Sudan has been in a state of crisis since early April, when civilians opposing dictator and war criminal Omar al-Bashir finally ousted him from the government. Al-Bashir’s regime, though, was quickly replaced with violent military control, which has left hundreds of peaceful protesters injured, raped, and murdered, reports the Guardian. And now, according to a food security report issued on Friday, South Sudan is facing another crisis: namely, record numbers of starvation. The World Food Programme (WFP) reported about 7 million people are facing food shortages, with more than 20,000 dangerously near famine.

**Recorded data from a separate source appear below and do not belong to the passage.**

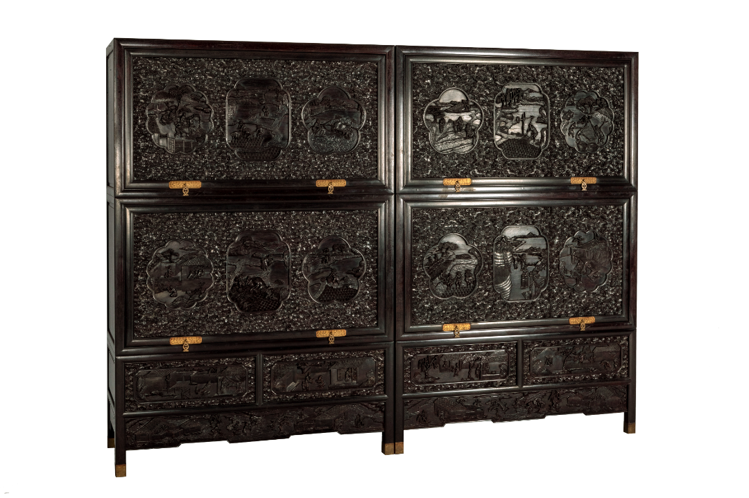2018年7月“小叶檀西厢记顶箱柜”获苏州市第八届“姑苏杯”金奖
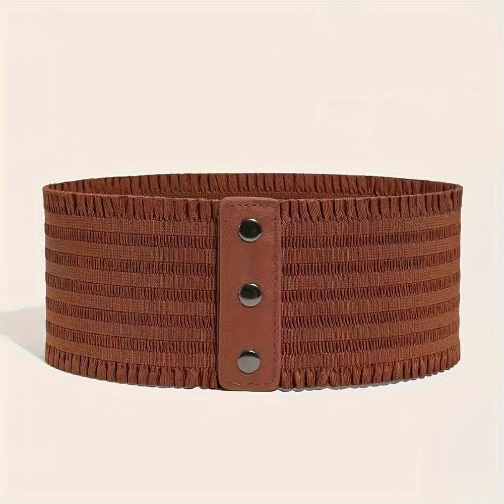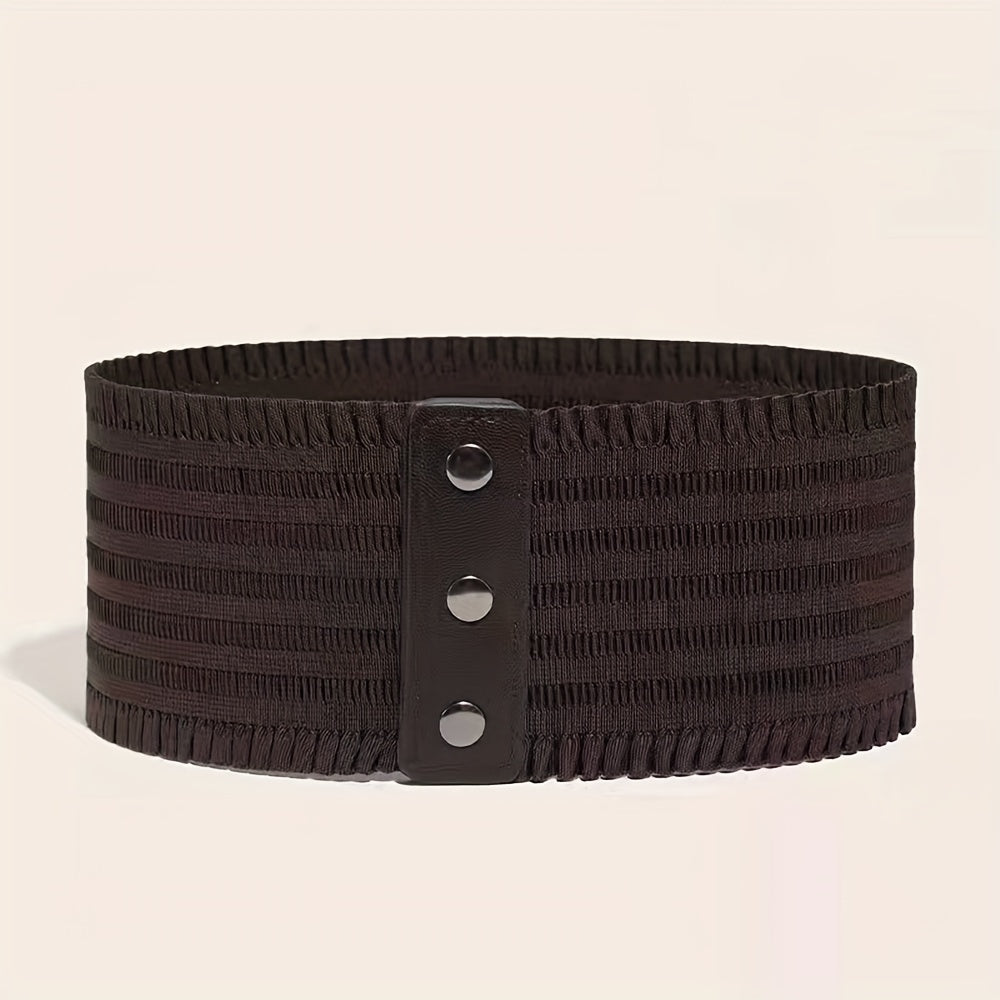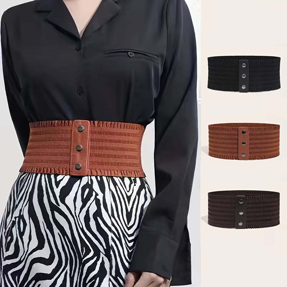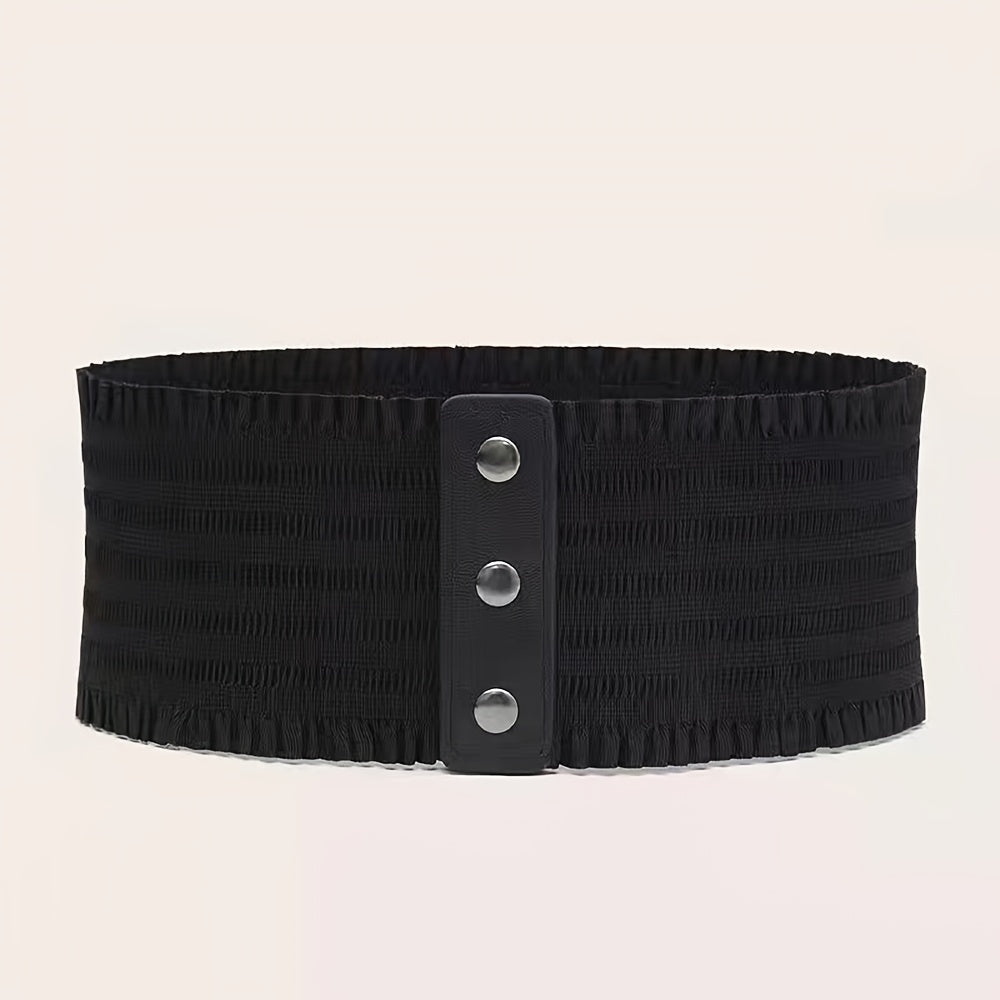 This elastic wide waist belt with a trendy buckle is perfect for mature women who want a casual yet stylish accessory. Made for comfort and fashion.
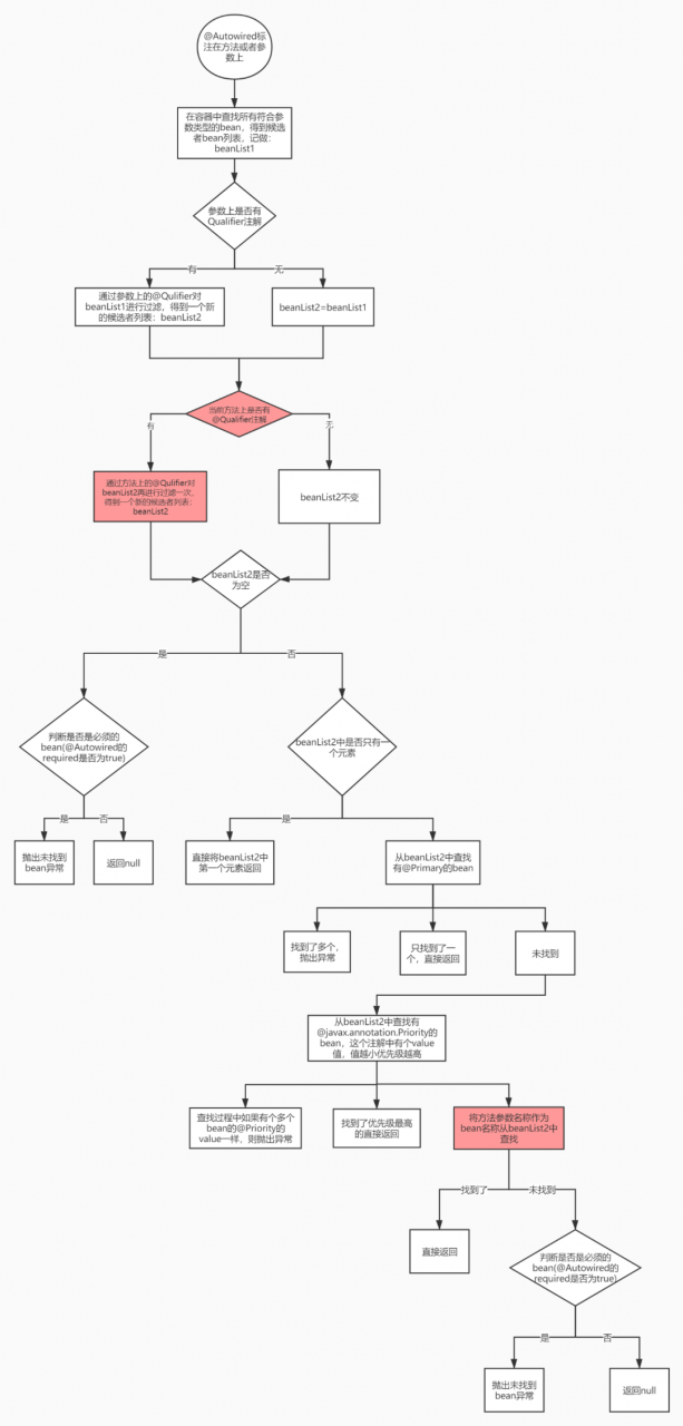 @Autowired标注在方法上或者方法参数上面:假定参数类型为为一个自定义的普通的类型,候选者查找过程如下:
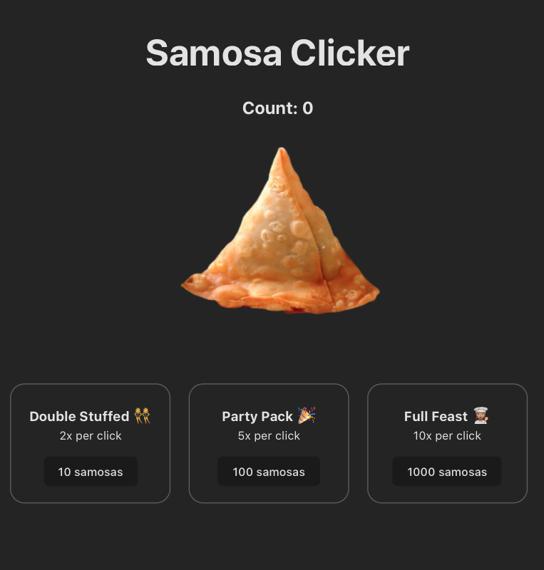 SamosaClicker Description The goal of the game is to produce as many samosas by clicking on the big samosa. Technologies React & Vite Screenshot
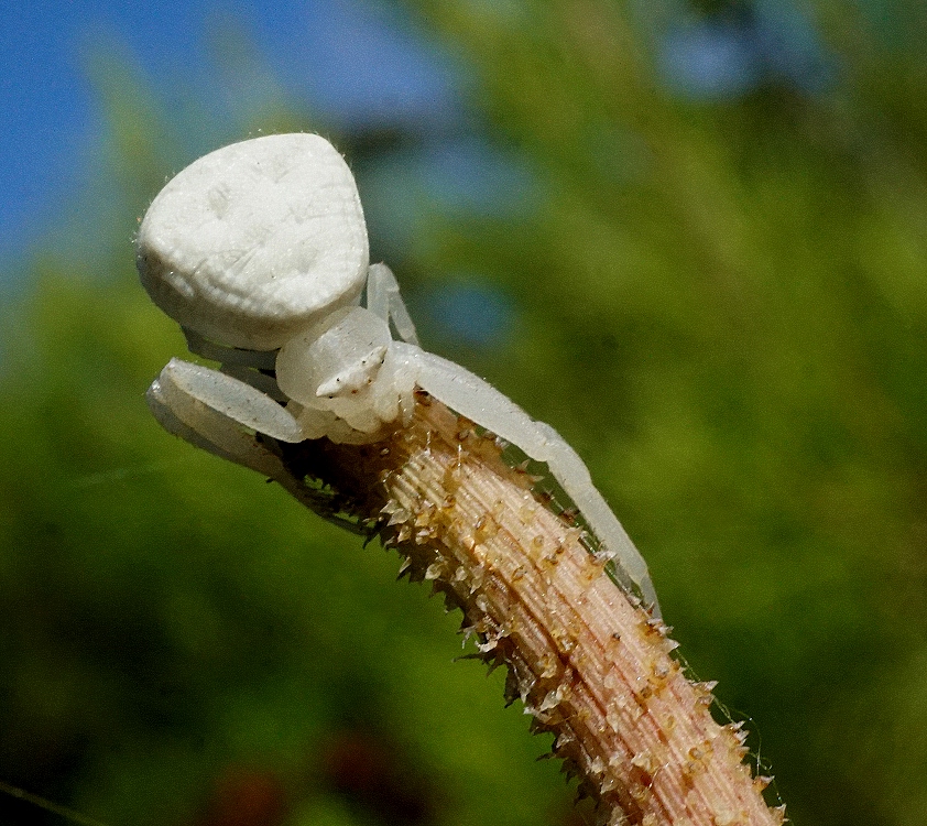 Мне рассказывали, что Даррелл описывал пауков-бокоходов, живущих долгое время на одном цветочке. Я это тоже замечал, а недавно ещё раз в этом убедился. Привожу серию аж из восьми фото, которые сделаны за три дня, встречаясь с паучком дважды в день, идя по одной дороге в лес и обратно.

This is predicted to continue worsening as the country prepares for its rainiest season; by the end of July, over 1.8 million South Sudanese people will find themselves in a state of emergency, with 5 million in crisis.
“It is famine-like, but you cannot call it famine, because you can only call [it] famine if you have a certain number of criteria,” said WFP spokesman Hervé Verhoosel. “We cannot use the word famine, but [many South Sudanese right now] live in conditions that are equivalent to a famine.”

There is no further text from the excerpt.